Go through the material under this sentence. Return every line holding "based".

*** Data to use

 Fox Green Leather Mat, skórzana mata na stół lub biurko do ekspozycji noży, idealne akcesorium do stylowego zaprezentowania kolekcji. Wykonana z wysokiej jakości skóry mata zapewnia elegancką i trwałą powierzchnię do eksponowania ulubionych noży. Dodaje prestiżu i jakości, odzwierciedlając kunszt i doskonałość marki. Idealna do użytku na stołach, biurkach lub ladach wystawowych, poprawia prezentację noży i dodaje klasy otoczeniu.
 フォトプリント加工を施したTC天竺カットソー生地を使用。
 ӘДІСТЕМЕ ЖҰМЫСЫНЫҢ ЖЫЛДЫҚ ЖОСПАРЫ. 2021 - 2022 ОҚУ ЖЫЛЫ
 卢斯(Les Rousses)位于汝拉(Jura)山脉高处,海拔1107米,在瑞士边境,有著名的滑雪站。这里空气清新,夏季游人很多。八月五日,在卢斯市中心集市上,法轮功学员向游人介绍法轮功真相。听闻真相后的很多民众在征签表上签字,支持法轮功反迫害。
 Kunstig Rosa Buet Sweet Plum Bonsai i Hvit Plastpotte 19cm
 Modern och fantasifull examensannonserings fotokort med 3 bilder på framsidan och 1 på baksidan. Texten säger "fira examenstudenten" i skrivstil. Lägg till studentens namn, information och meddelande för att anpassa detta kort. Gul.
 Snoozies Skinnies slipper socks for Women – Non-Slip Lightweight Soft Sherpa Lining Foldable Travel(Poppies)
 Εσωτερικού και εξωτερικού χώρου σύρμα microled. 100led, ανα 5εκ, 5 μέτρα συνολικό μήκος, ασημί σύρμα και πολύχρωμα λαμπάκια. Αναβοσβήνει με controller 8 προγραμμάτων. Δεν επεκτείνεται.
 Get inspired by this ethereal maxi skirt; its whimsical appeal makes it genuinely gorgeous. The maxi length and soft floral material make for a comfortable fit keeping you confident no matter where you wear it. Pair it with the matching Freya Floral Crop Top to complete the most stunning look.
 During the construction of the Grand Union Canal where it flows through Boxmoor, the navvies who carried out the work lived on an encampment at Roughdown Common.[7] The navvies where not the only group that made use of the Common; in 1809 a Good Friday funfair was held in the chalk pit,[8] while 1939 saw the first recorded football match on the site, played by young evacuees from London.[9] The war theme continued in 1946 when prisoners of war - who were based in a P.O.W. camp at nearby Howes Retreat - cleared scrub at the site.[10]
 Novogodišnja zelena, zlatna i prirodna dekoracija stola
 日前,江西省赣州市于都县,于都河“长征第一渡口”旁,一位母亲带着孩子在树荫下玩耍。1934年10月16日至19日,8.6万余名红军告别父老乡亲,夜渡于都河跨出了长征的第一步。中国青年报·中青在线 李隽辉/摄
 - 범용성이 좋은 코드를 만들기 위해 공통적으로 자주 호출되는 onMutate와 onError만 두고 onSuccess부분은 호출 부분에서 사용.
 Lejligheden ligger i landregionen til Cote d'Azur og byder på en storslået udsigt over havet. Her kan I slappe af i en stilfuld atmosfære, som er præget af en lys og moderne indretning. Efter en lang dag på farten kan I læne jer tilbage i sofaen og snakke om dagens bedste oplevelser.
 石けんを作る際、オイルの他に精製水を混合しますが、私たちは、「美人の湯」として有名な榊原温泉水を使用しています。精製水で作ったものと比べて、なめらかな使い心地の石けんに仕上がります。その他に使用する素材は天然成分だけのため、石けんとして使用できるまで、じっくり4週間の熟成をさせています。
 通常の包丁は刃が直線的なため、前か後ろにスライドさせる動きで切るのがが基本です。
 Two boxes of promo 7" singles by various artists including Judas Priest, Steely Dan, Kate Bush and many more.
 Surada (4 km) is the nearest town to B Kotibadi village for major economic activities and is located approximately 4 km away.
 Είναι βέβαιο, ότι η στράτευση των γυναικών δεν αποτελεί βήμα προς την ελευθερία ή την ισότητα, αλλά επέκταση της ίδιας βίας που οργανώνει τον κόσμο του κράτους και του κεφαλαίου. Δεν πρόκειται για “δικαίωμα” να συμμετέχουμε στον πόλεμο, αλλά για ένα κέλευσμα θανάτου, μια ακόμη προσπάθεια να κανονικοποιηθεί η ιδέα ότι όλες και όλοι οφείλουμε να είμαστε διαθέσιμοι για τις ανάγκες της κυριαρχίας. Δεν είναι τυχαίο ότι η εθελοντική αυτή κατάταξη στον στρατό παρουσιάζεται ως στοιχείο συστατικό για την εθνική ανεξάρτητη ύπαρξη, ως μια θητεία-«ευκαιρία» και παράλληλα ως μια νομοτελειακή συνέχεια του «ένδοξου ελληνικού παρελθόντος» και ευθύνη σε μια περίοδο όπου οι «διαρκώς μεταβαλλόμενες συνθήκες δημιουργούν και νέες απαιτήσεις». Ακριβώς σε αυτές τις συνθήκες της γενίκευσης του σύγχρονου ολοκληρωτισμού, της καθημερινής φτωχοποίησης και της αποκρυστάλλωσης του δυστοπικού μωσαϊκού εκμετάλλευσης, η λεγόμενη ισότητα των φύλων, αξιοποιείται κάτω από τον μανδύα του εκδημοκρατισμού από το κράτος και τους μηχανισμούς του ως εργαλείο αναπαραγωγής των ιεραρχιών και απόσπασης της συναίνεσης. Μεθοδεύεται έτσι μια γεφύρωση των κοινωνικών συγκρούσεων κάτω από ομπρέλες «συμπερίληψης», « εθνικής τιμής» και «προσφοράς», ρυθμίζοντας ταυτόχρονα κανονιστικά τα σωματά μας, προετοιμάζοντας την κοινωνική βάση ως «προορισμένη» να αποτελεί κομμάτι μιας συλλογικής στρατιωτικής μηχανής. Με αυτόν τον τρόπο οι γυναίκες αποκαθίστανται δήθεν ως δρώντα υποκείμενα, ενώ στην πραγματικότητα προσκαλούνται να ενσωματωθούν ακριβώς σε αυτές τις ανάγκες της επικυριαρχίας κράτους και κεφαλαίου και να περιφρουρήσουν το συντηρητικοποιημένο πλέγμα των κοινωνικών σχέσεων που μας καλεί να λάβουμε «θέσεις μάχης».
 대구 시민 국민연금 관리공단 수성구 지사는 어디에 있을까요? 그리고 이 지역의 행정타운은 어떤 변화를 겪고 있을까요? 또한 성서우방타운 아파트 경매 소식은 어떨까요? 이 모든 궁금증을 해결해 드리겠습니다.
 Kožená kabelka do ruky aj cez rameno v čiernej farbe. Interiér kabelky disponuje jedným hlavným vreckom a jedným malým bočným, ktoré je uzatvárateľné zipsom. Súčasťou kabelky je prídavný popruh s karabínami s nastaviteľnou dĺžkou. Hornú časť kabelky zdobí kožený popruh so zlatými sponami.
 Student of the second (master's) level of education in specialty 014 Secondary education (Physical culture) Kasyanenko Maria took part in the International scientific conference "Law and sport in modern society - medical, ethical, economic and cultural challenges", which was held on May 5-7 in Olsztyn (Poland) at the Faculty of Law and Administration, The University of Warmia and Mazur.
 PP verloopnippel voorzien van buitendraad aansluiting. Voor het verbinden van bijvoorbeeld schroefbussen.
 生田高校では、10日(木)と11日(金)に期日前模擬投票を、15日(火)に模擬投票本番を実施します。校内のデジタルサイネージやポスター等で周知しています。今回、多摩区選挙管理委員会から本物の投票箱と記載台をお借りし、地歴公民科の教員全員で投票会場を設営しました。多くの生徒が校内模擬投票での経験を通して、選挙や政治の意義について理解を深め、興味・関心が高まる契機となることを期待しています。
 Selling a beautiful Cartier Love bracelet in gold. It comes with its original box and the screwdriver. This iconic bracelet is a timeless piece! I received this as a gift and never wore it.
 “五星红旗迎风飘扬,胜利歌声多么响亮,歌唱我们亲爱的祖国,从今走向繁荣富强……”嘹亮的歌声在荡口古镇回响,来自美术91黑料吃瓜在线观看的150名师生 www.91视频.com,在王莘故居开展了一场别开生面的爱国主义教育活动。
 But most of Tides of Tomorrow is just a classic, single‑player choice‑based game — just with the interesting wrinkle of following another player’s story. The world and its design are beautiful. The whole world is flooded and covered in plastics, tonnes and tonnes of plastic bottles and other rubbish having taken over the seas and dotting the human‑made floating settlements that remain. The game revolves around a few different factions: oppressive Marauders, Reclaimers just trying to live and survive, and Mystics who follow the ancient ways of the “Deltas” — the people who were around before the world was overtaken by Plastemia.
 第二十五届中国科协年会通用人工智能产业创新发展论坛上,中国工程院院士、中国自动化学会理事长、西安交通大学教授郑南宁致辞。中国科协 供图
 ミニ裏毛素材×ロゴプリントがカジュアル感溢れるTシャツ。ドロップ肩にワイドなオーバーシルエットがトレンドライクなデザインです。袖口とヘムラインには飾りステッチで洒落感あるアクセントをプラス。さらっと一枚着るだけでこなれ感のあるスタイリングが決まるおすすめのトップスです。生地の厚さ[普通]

******

Solution for this exercise →
 During the construction of the Grand Union Canal where it flows through Boxmoor, the navvies who carried out the work lived on an encampment at Roughdown Common.[7] The navvies where not the only group that made use of the Common; in 1809 a Good Friday funfair was held in the chalk pit,[8] while 1939 saw the first recorded football match on the site, played by young evacuees from London.[9] The war theme continued in 1946 when prisoners of war - who were based in a P.O.W. camp at nearby Howes Retreat - cleared scrub at the site.[10]
 But most of Tides of Tomorrow is just a classic, single‑player choice‑based game — just with the interesting wrinkle of following another player’s story. The world and its design are beautiful. The whole world is flooded and covered in plastics, tonnes and tonnes of plastic bottles and other rubbish having taken over the seas and dotting the human‑made floating settlements that remain. The game revolves around a few different factions: oppressive Marauders, Reclaimers just trying to live and survive, and Mystics who follow the ancient ways of the “Deltas” — the people who were around before the world was overtaken by Plastemia.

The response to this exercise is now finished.